На ретрансляционной станции мне потребовалось семь минут, чтобы найти конденсационный насос, и по разу за минуту меня чуть удар не хватал при мысли, что чертежи могли быть неправильными.
— Нет, — сказал я Бел. Она со скрипом тащила по полу объемный пластиковый кокон. — Не так близко. Спрячь его за этой трубой.
— Зачем?
— Будет взрыв, — пояснил я. — Ударная волна.
Я подумал о Хиросиме: шестьдесят четыре килограмма, 1,38 процента, восемнадцать атмосфер, две мили, шестьдесят шесть тысяч погибших. Математика все учла.
— Нам нужно, чтобы он сгорел. Не хватало еще, чтобы части тела, которые можно будет опознать, раскидало по всему Южному Кенту.
Я услышал, как запросто рассуждаю об этом, и мне стало плохо, но я посмотрел на Бел и старательно проглотил тошноту.
Пройди через это. Помоги ей пройти через это.
Мои пальцы зависли над выпускным клапаном, но одного взгляда на лицо Бел мне хватило, чтобы укрепить свою решимость. Я повернул клапан и услышал шипение. Мы побежали, оставляя за собой ручеек топлива, с гулким звуком вытекавшего из открытой канистры, которую тащила за собой Бел. Оказавшись снаружи, мы бросились вверх по холму: Бел — бегом, а я — спотыкаясь и подволакивая ногу, с горящими легкими, молотя руками и мотая головой для придания себе дополнительной скорости. Со склона я видел будку охранников на другой стороне комплекса. Луч фонаря вспорол темноту. Он приближался, но был еще достаточно далеко.
— Сейчас, — шикнул я.
Миниатюрная огненная стрела осветила подушечки пальцев Бел. Ее лицо, завороженное пламенем, осветилось.
— Быстрее!
Она не отреагировала. Свет фонаря стал немного ближе, и я вдруг испугался, что неправильно рассчитал радиус взрыва. Я вообразил коренастого охранника с затуманенными глазами, горячую шрапнель, разрывающую ему лицо, мозг. Луч постепенно приближался, а поверх луча зажегся огонек сигареты.
— БЕЛ! — завопил я.
Огонек упал, превратившись в пламенеющую дорожку, убегающую все дальше от нас, и я зажал уши руками, ожидая взрыва.
СЕЙЧАС
— Пит, Терпит, Тер. Питер!
Два слога. Имя. Мое имя. Звук возвращается первым. Потом свет. Все вокруг не в фокусе. Нависшая надо мной сливочно-желтая клякса издает обеспокоенные звуки. Я моргаю. Ресницы щекочут щеки, как мушиные лапки. Влажно… слезы льются из глаз.

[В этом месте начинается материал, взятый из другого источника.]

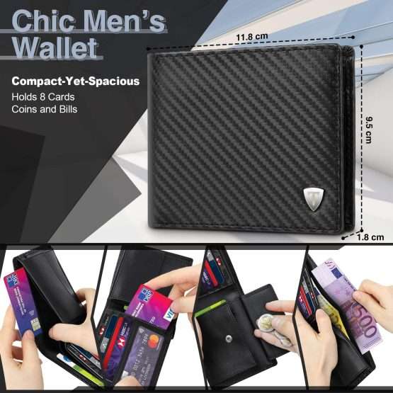Design slim ed eleganza unica per questo portafoglio Rfid realizzato in pelle di carbonio che nella tasca ti pesa poco ma tiene qualunque tuo dato al sicuro. Grazie alla schermatura Rfid di cui è dotato puoi scongiurare qualunque tipo di truffa. Non ne hai mai sentito parlare? Allora ti dico subito che si tratta un po’ di una tecnologia che funziona come uno scudo ma non ti preoccupare perché non ha bisogno che tu faccia qualcosa. Funziona sempre comunque e blocca i segnali esterni per impedire che qualcuno possa trafugare i dati dei tuoi documenti o delle tue carte di pagamento.

Клякса принимает очертания Ингрид. Ее лицо осунулось и стало еще бледнее обычного.
Она все видела.
Я глотаю горькие слезы. Щурюсь от яркого солнечного света, бьющего в кухонное окно. Распогодилось. Как же долго я сижу здесь, согнувшись в три погибели над столом, пальцами впиваясь в бедра? Длинная нить слюны тянется от пересохших губ к мокрому пятну в паху. Я хочу сплюнуть, но слюна остается на губах. Пытаюсь встать, но мышцы стали резиновыми и не слушаются…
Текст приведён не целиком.